Invited Speaker
Jeff Lagarias
AT&T Bell Laboratories
Murray Hill, NJ

Paper: The 3x+1 problem and its generalizations
Talk: A new view on the Hirsch Conjecture
(QuickTime movie - 1.5M)
Abstract: The Hirsch conjecture states that any d-dimensional bounded polytope with n facets has an edge-path between any two vertices of length at most n-d. The d-step conjecture is the special case n=2d, and is known to be equivalent to the general conjecture. It has long been suspected to be false in high dimensions. In joint work with N. Prabhu and J. Reeds, we discovered striking evidence that it is true in all dimensions, in a strong form.

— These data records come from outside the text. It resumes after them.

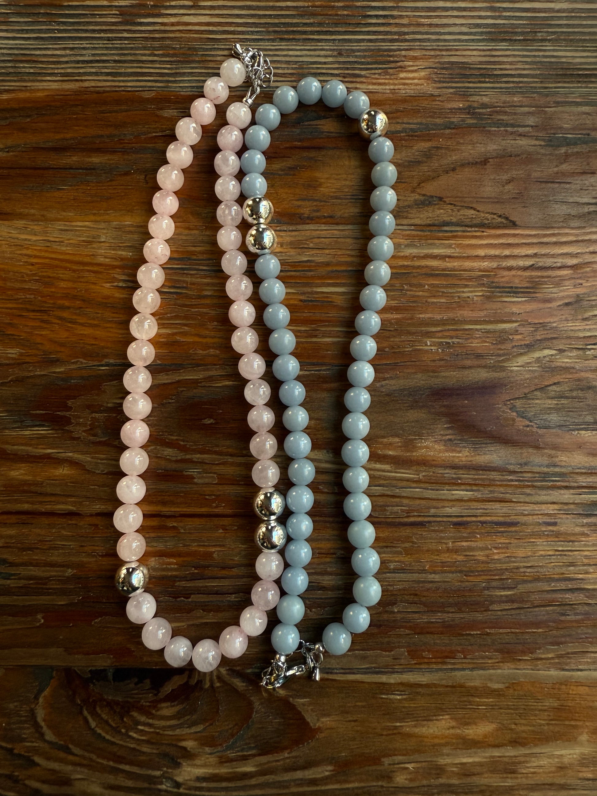 Delikatny jak poranna mgła — ten naszyjnik łączy różowy kwarc, kamień miłości i harmonii, z posrebrzanym hematytem, symbolem siły i równowagi.
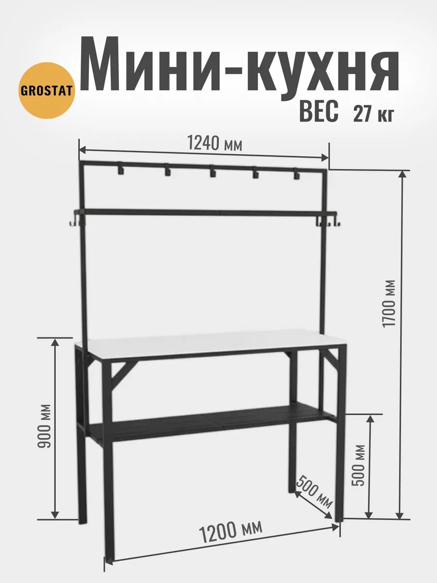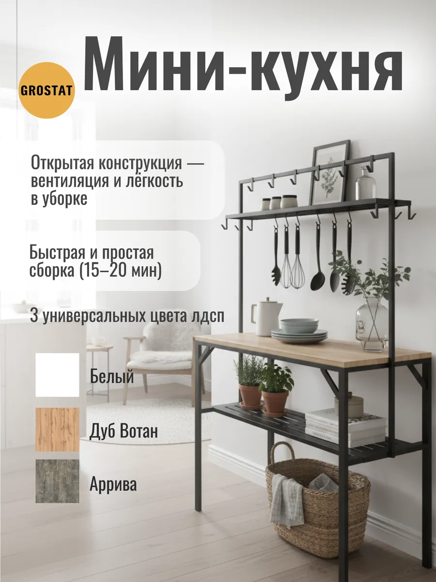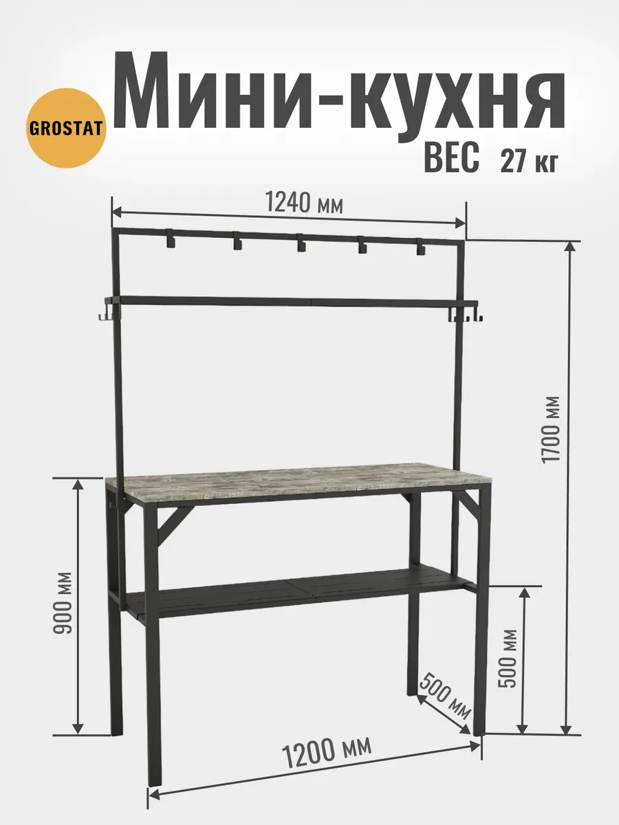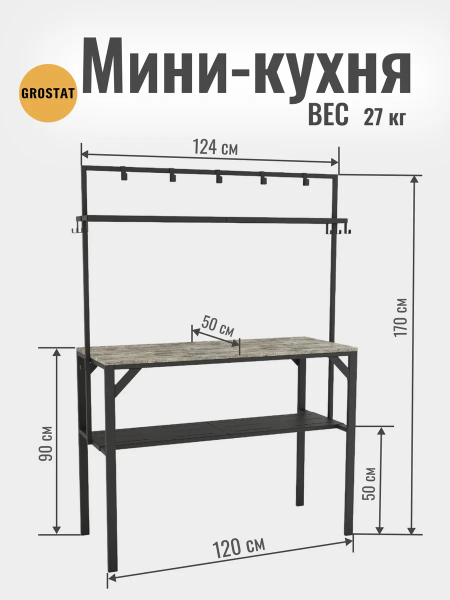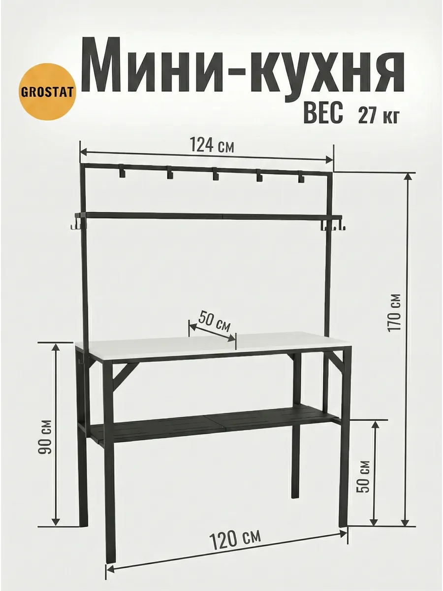 Большая рабочая поверхность отлично подходит для приготовления еды, сервировки обедов, рукоделия, шитья, пересадки растений и других бытовых задач. Под столешницей расположены удобные полки для хранения посуды, кухонной утвари и садового инвентаря, а над столешницей — дополнительные открытые полки и металлические крючки для аксессуаров, полотенец, садовых инструментов или швейных принадлежностей.
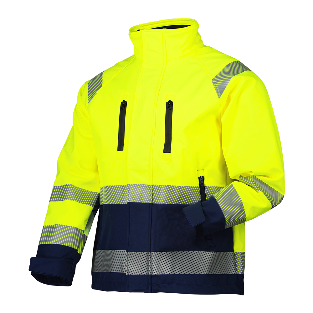 Bovenstof met stretch · Gesneden reflecties · Wind- en waterafstotend · Twee voorzakken met rits · Een borstzak met rits · Binnenzak · Hoge, warme kraag
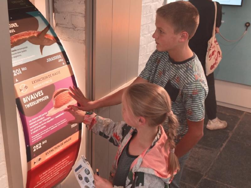Maar dat is nog maar het begin van je avontuur. De interactieve tentoonstelling nodigt je uit voor een zintuiglijke reis door verschillende geologische tijdperken. Voelen, observeren, luisteren… Elk zintuig wordt ingeschakeld om je een unieke ervaring te doen beleven.
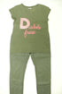 Pantalon fluide, taille ajustable, fermeture éclair et crochet, 2 poches, tee-shirt manches courtes à revers, sérigraphie.
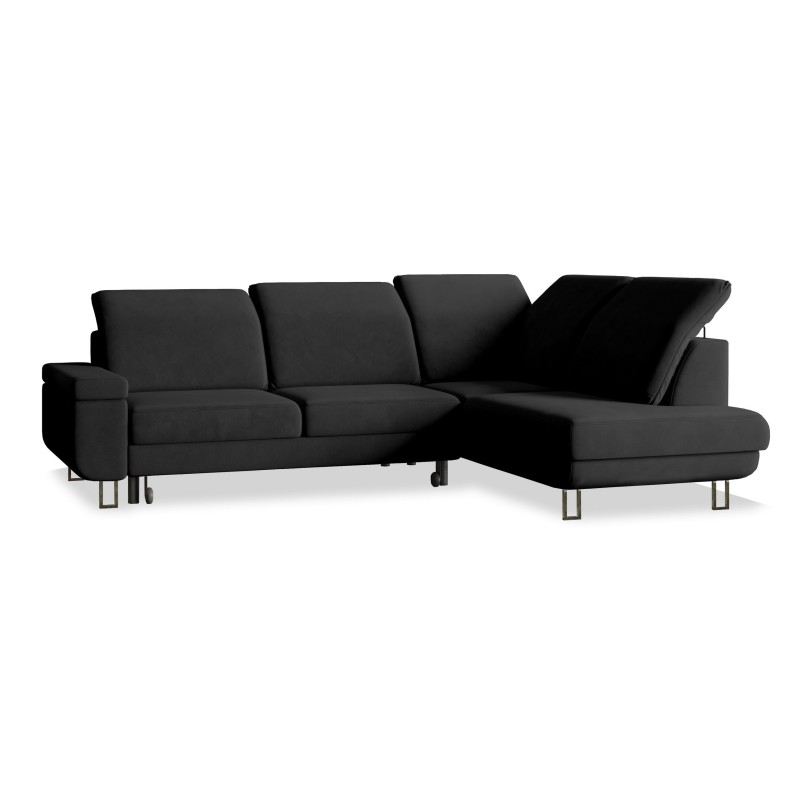 Masseno Narożnik LERMA z funkcją spania i pojemnikiem na pościel Narozniki L, Rozkładana sofa - Czarny, MONOLITH 95
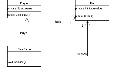 Also, notice that the class diagram shows that the DiceGame includes the dice. How does the player get visibility to the dice so that he may roll them? We went and added the dice as a parameter to the play method to provide this visibility. And notice that the feedback from the game is not really defined. Should the Player feed the result back to the game to inform it that he won? What's to keep the Player from bending the rules? How else could the player play the game? If we want to hide the implementation details of the game, where do the rules belong? Attempting to get a little better encapsulation to solve the problems listed above, we put the play method on the DiceGame. In this way the game can encapsulate the rules. See the result in Figures 3 and 4 and Solution 2 below. ![]() Figure 3: Class Diagram - OBD
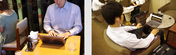 打ち合わせの合間には映画や音楽でリラックス。「フルハイビジョン液晶パネルで画像もきれいで、音もいいから映画なども迫力十分に楽しめます。これだけ再生してもバッテリーが長持ちするのでびっくりしました。」
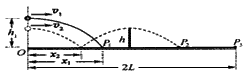 (1)若球在球台边缘O点正上方高度为h1处以速度v1水平发出,落在球台的P1点(如图实线所示),求P1点距O点的距离x;
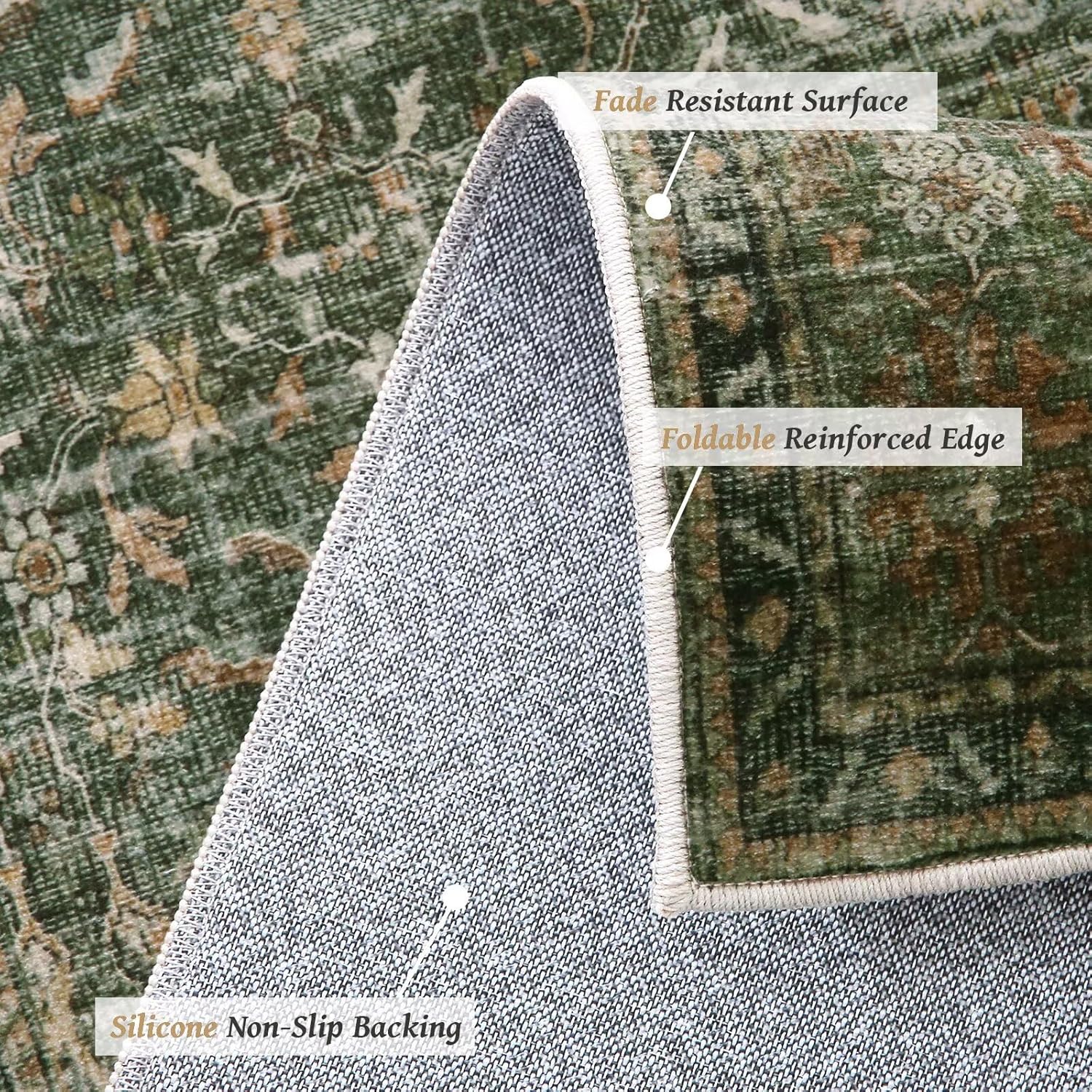 Washable 6x9 Area Rugs for Living Room, BoHo Non-slip Silicone Backing Large Rug for Bedroom Dining Room Nursery Office, 0.3" Neutral Oriental Throw Carpet with 0.16" Cushioning Pad, Grass Green/Multi
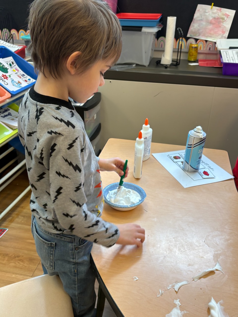 Today, our students participated in a fun and creative winter-themed occupational therapy lesson. They began by combining glue and shaving cream to create a textured base for a snowman. Next, students independently mixed the materials and painted their own snowman, practicing hand strength, coordination, and control. To finish, students decorated their snowmen using buttons, hats, eyes, and glitter—an activity that required careful use of fine motor skills, creativity, and attention to detail.

This evidence was based on a connection with Gaussian elimination of a set of $(d!)^2$ matrices constructed from the d-polytope with 2d facets, and massive computational experiments.

About Myself

Born: U.S.A
I got my degrees from Massachusetts Institute of Technology (S.B./S. M. 1972 Ph.D. 1974) all in mathematics. My thesis advisor was Harold M. Stark, with a thesis in Algebraic Number Theory.
Interests: I am a pretty quiet guy who enjoys reading and going for nice leisurely runs.
Comments: I'm kind of the traditional type; I am most attracted to the permanence and stability of mathematics: I don't even own a computer!